> **Items listed in a dataset**:
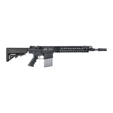 British forces operating in complex environments like Iraq and Afghanistan identified the shortcomings of traditional sniper systems in dynamic combat zones. Fixed-stock bolt actions proved unwieldy during urban patrols and close-quarter manoeuvres. As a direct response, the SR-25 ECC was developed to retain precision while improving manoeuvrability through a shorter 16” barrel and collapsible stock, making it an ideal multi-role marksman rifle chambered in 7.62x51mm.
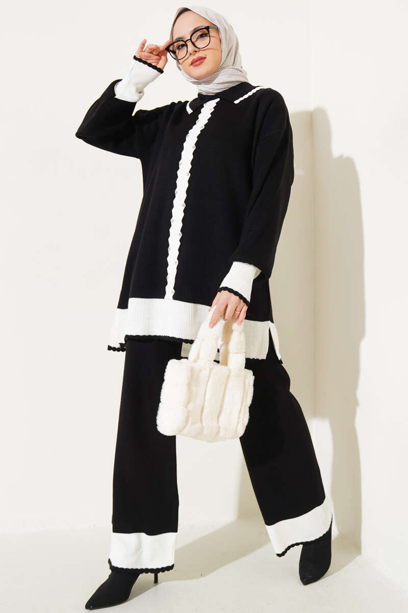 Baklava Desen Düğmeli Triko Hırka İkili Takım Siyah
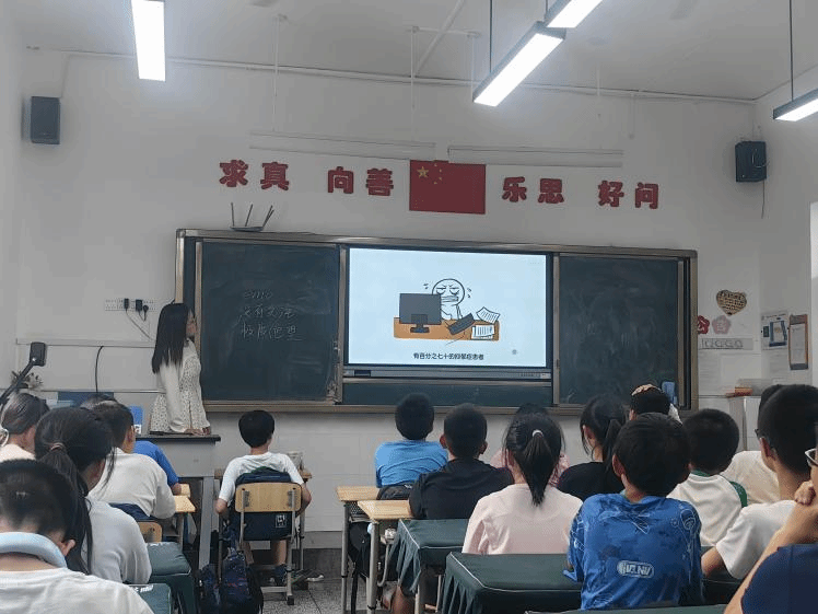 之后,老师还介绍了生活方式调整在抑郁症治疗中的作用。她告诉孩子们,保持健康的生活习惯,如规律作息、均衡饮食、适度运动等,对缓解抑郁症状非常有帮助。她还鼓励孩子们多参加社交活动,与亲朋好友保持联系,分享彼此的快乐和烦恼。
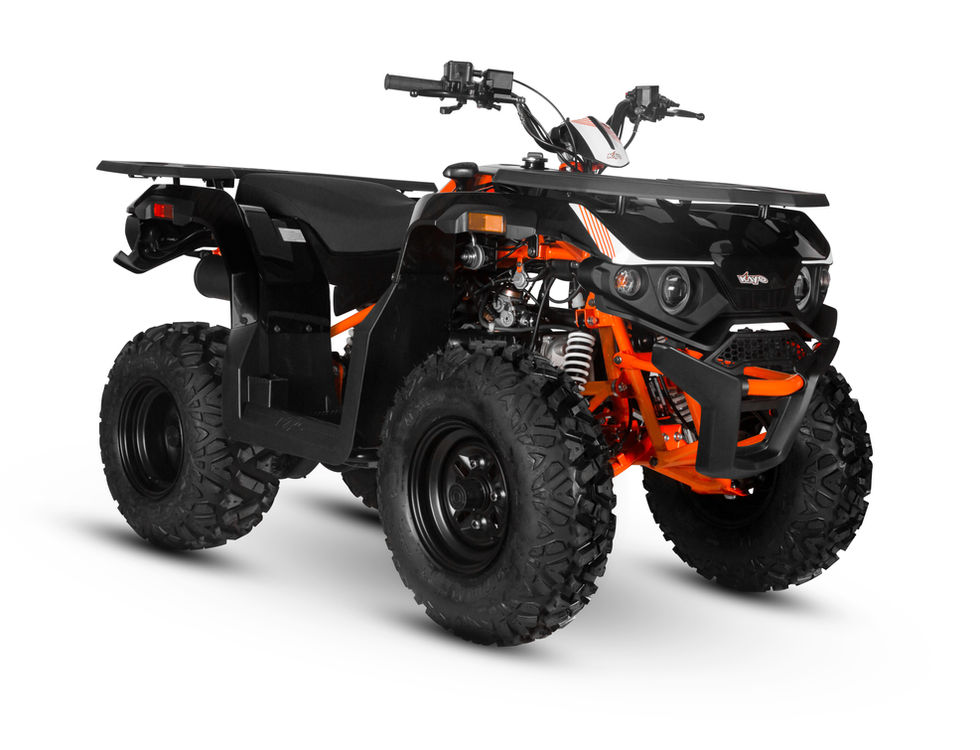 The Bull 180 is a great unit for riders 16 years and older. A low maintenance 4-stroke engine delivers great power and it has a semi-automatic CVT transmission with reverse! The Bull 180 is easy to steer due to the excellent suspension components, yet does not sacrifice ride comfort on the trails and rigged terrain. Combine this engine and suspension with a strong, light weight frame and you have a great ATV suitable for a wide range of riders. The Bull 180 is covered by a 6-month limited warranty.
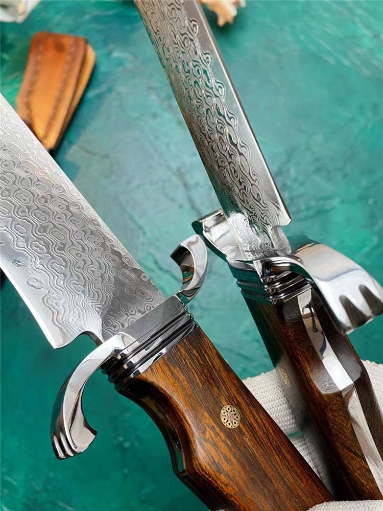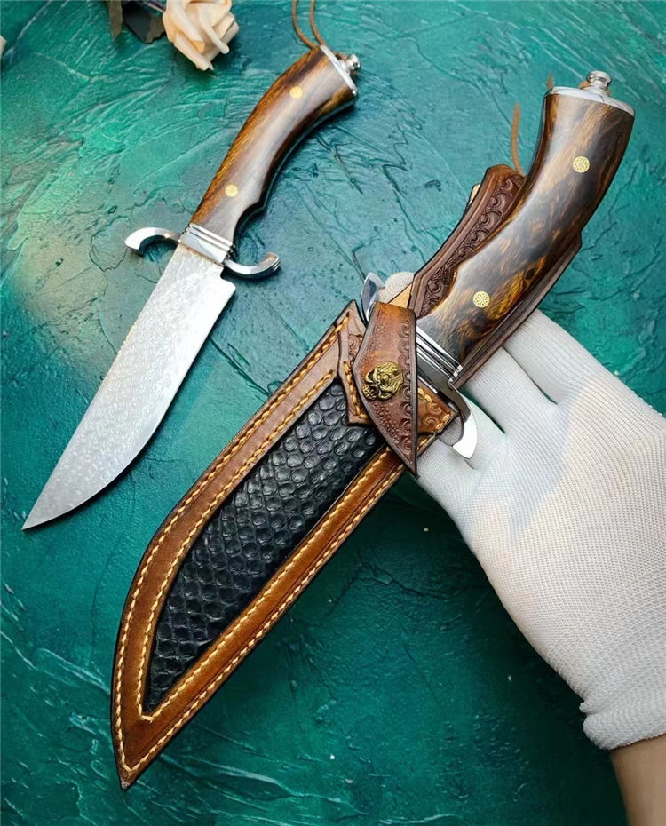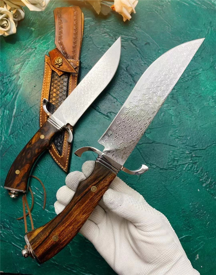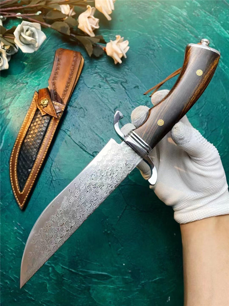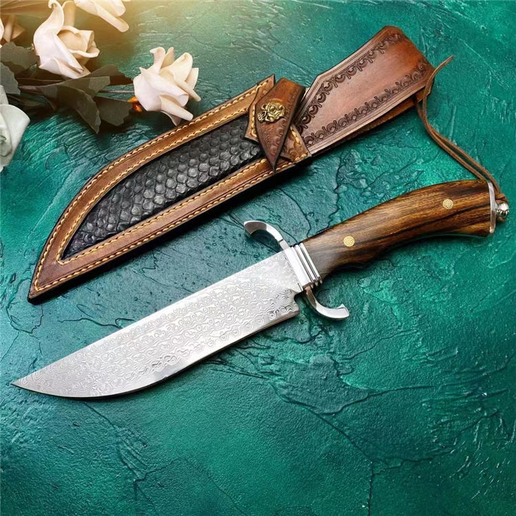 大马士革雷森博弈直刀 全长:30cm 刃度:16cm 手柄:13.5cm 刃宽:3.6cm 刃厚:3.8mm 刃材:进口大马士革VG10钢 硬度:60HRC 开刃方式:二次研磨 柄材:不锈钢护手+进口沙漠铁木 皮套:意大利进口植鞣手工皮套
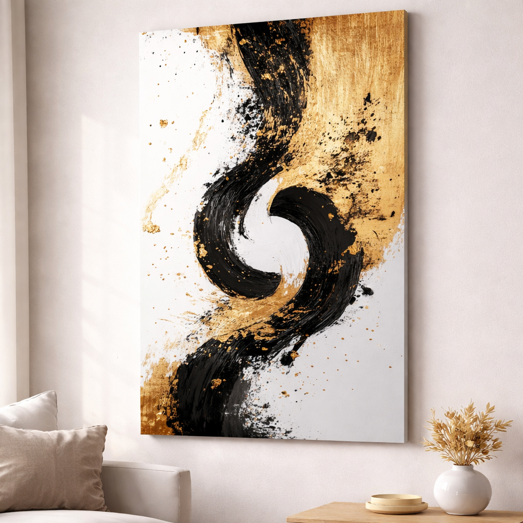 Modern abstract canvas featuring dynamic black brushstrokes with luxurious gold accents, perfect for contemporary interiors.
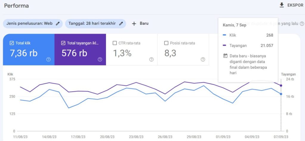 Dari data di atas, dilihat dari jumlah tayangan dan klik, tentunya akan berpengaruh pada penghasilan anda.
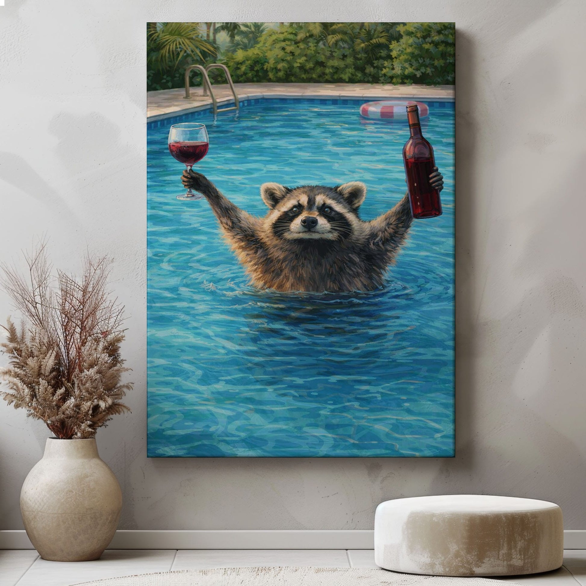 Raccoon Drinking Wine in Swimming Pool Wall Art Gift for Hunters Cabin Decor
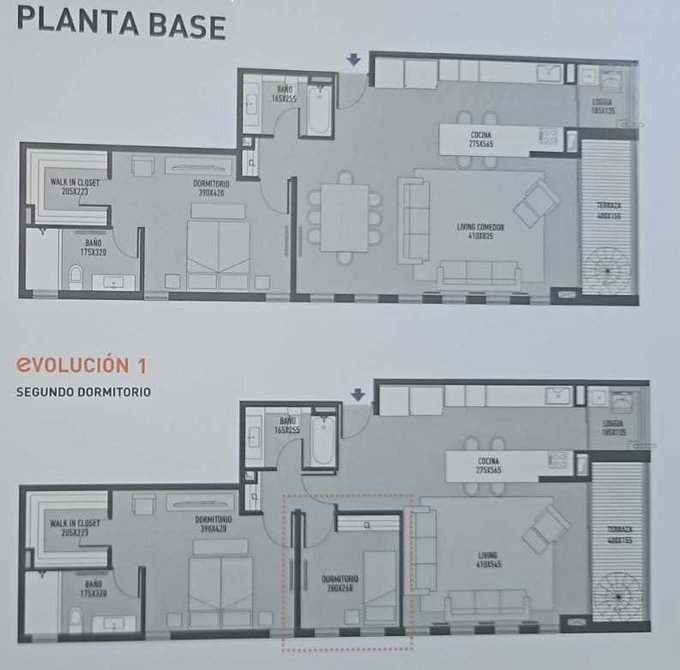 Dentro de la Planimetria del dpto, permite la construcción de un 2ndo dormitorio (ver imágenes con la proyección)

> **WORK INSTRUCTIONS**:
Leaving the pictures aside, transcribe exactly the lines from the one containing "之后,老师还介绍了生活方式调" to the final line of the entries above, both ends included.

> **SOLUTION TO THE PROBLEM**:
 之后,老师还介绍了生活方式调整在抑郁症治疗中的作用。她告诉孩子们,保持健康的生活习惯,如规律作息、均衡饮食、适度运动等,对缓解抑郁症状非常有帮助。她还鼓励孩子们多参加社交活动,与亲朋好友保持联系,分享彼此的快乐和烦恼。
 The Bull 180 is a great unit for riders 16 years and older. A low maintenance 4-stroke engine delivers great power and it has a semi-automatic CVT transmission with reverse! The Bull 180 is easy to steer due to the excellent suspension components, yet does not sacrifice ride comfort on the trails and rigged terrain. Combine this engine and suspension with a strong, light weight frame and you have a great ATV suitable for a wide range of riders. The Bull 180 is covered by a 6-month limited warranty.
 大马士革雷森博弈直刀 全长:30cm 刃度:16cm 手柄:13.5cm 刃宽:3.6cm 刃厚:3.8mm 刃材:进口大马士革VG10钢 硬度:60HRC 开刃方式:二次研磨 柄材:不锈钢护手+进口沙漠铁木 皮套:意大利进口植鞣手工皮套
 Modern abstract canvas featuring dynamic black brushstrokes with luxurious gold accents, perfect for contemporary interiors.
 Dari data di atas, dilihat dari jumlah tayangan dan klik, tentunya akan berpengaruh pada penghasilan anda.
 Raccoon Drinking Wine in Swimming Pool Wall Art Gift for Hunters Cabin Decor
 Dentro de la Planimetria del dpto, permite la construcción de un 2ndo dormitorio (ver imágenes con la proyección)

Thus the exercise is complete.